Несмотря на то, что при Александре I, а особенно при Николае I, Академия художеств, «милостиво» переданная в ведение министерства двора, все больше становится бюрократическим учреждением, ее педагоги — исполнительными чиновниками, учение в ней— казенной службой, а ее целью — неукоснительное исполнение воли государя, правительству так и не удалось полностью отгородить ее от того, что происходило в то время в России. Правда, идеи декабристов не находили здесь такого широкого распространения, как в стенах Московского университета. Среди художников было значительно меньше участников событий 14 декабря, чем среди русских литераторов и особенно среди военных, которые в то время более непосредственно соприкасались с общественной жизнью и обладали большим политическим опытом.
Впрочем, это не значит, что в недрах самой академии не возникали передовые понятия и идеи, противоречащие официально поставленной перед ней программе. Уже со своего основания в XVIII веке академия под стягом верности античности вела решительную борьбу против безыдейности в искусстве и эстетической извращенности. Менялось начальство, менялась форма управления, менялся покрой мундиров, но никто не выступал против укоренившегося почтительного отношения к античности. Даже николаевские мракобесы, которые так усердно искореняли все, что не отдавало казенной будкой, не сразу решились посягнуть на эту традицию.

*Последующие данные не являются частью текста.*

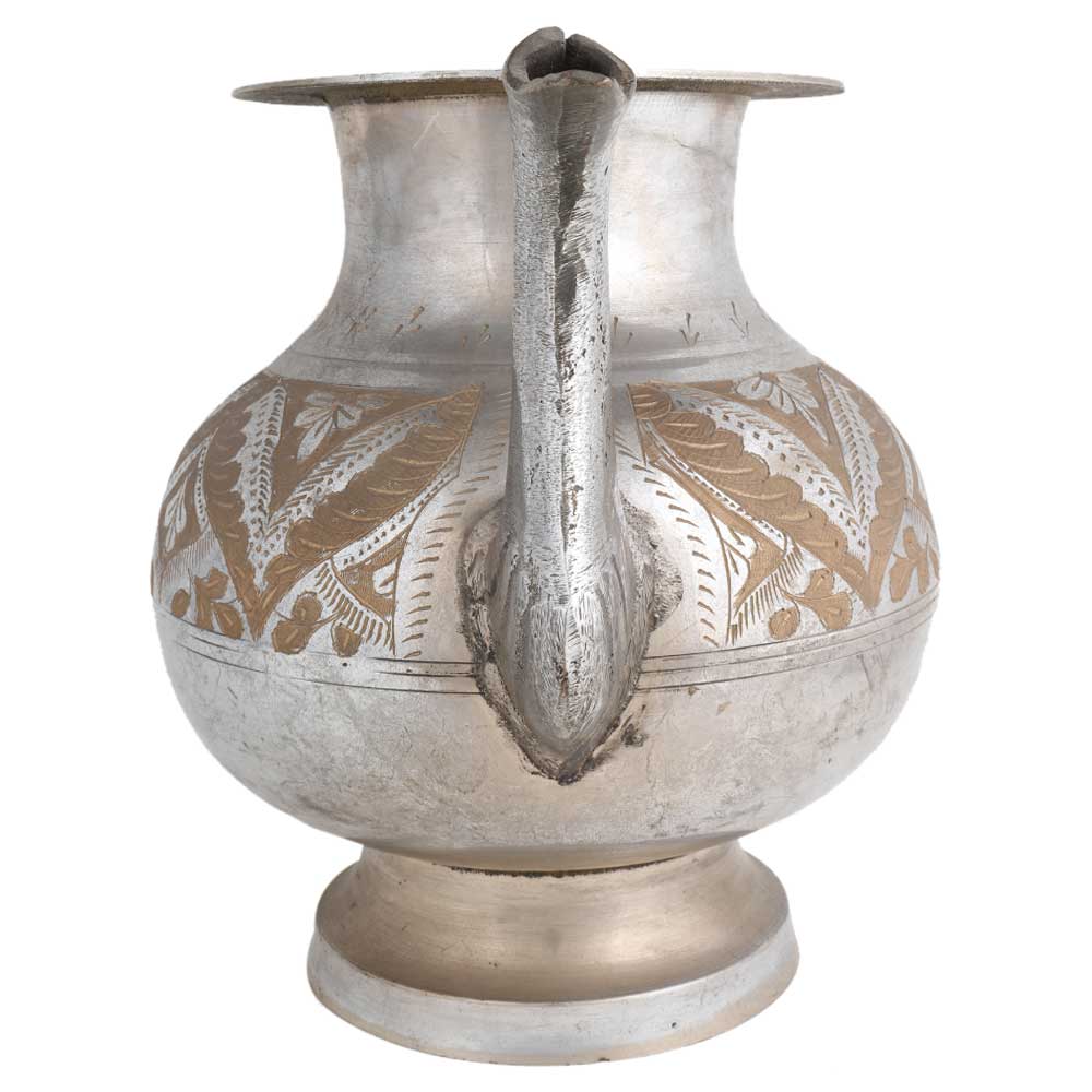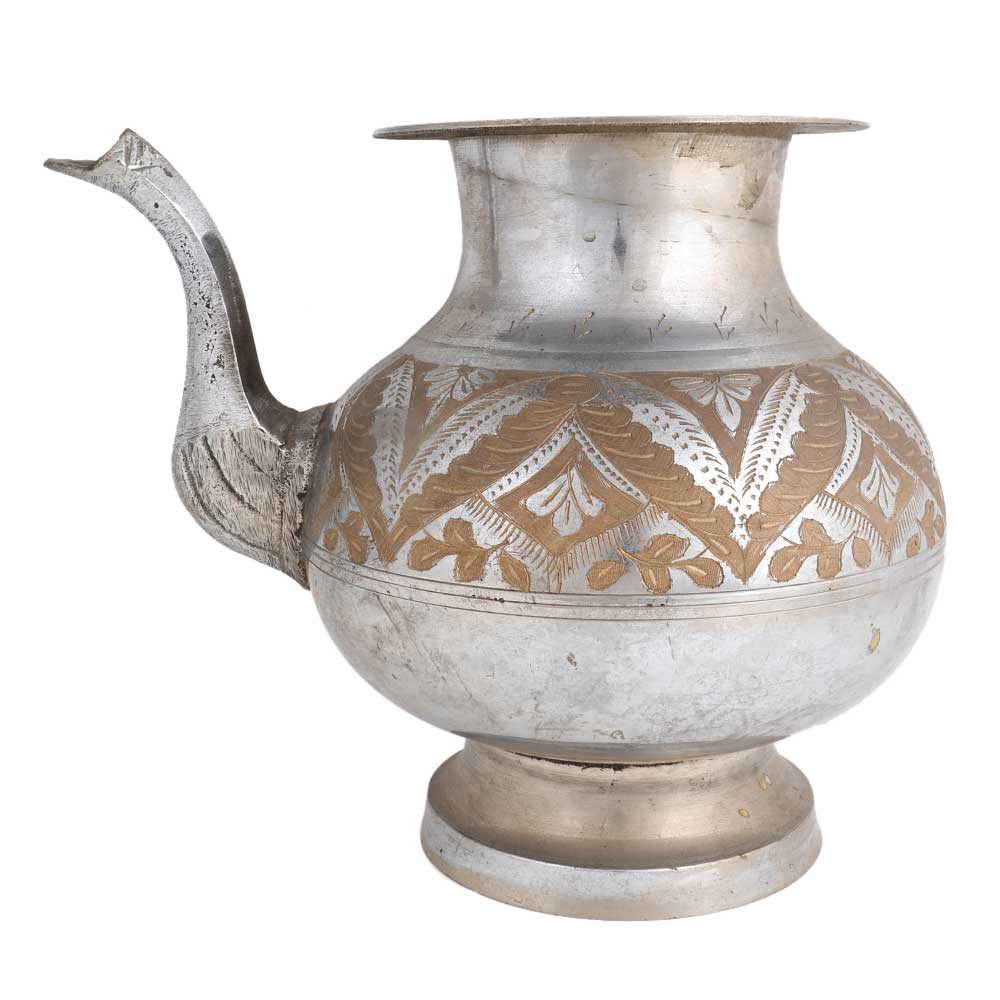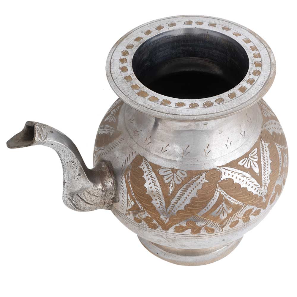 Brass Pot With Spout Engraved Leafy design Nickel Plating is an excellent craftsmanship done by the indian artisans. craftsmen of India. Kitchen decoration, souvenir , hotel decoration. Diwali gift, wedding gift , flower decoration and planter. Use it as collectable or a personal gift to special someone.

Не вникая в ее существо, они сохраняли ее лишь потому, что ссылками на нее надеялись прикрыть свое равнодушие к творчеству, потому что главную опасность видели в том новом, что грозило поколебать авторитеты, пошатнуть привычное и пробудить жажду неизведанного.
В стенах академии, под той же кровлей, под которой находился конференц-зал, где убеленные сединами сановники в расшитых золотом и усеянных звездами мундирах усаживались в золоченые кресла, чтобы судить академические дела в духе «монаршей воли» и поддерживать в ней сословно-дворянский порядок, в стенах той же академии один из ее залов был издавна отведен под собрание слепков с античных статуй. Слепки эти выставлены были для учебных целей, как примеры для подражания. Все знали об их существовании, но на эти запыленные гипсы многие перестали обращать внимание. Между тем сколько истинного человеческого достоинства было в теле красавца Аполлона, мягко выделявшемся на фоне мелких складок его плаща! Сколько энергии в боргезском борце и задора в танцующем фавне! Сколько здоровой чувственности в теле Венеры! Каким сдержанным благородством дышало лицо Лаокоона с его полуоткрытыми устами, из которых усилием воли он не давал вырваться крику отчаяния!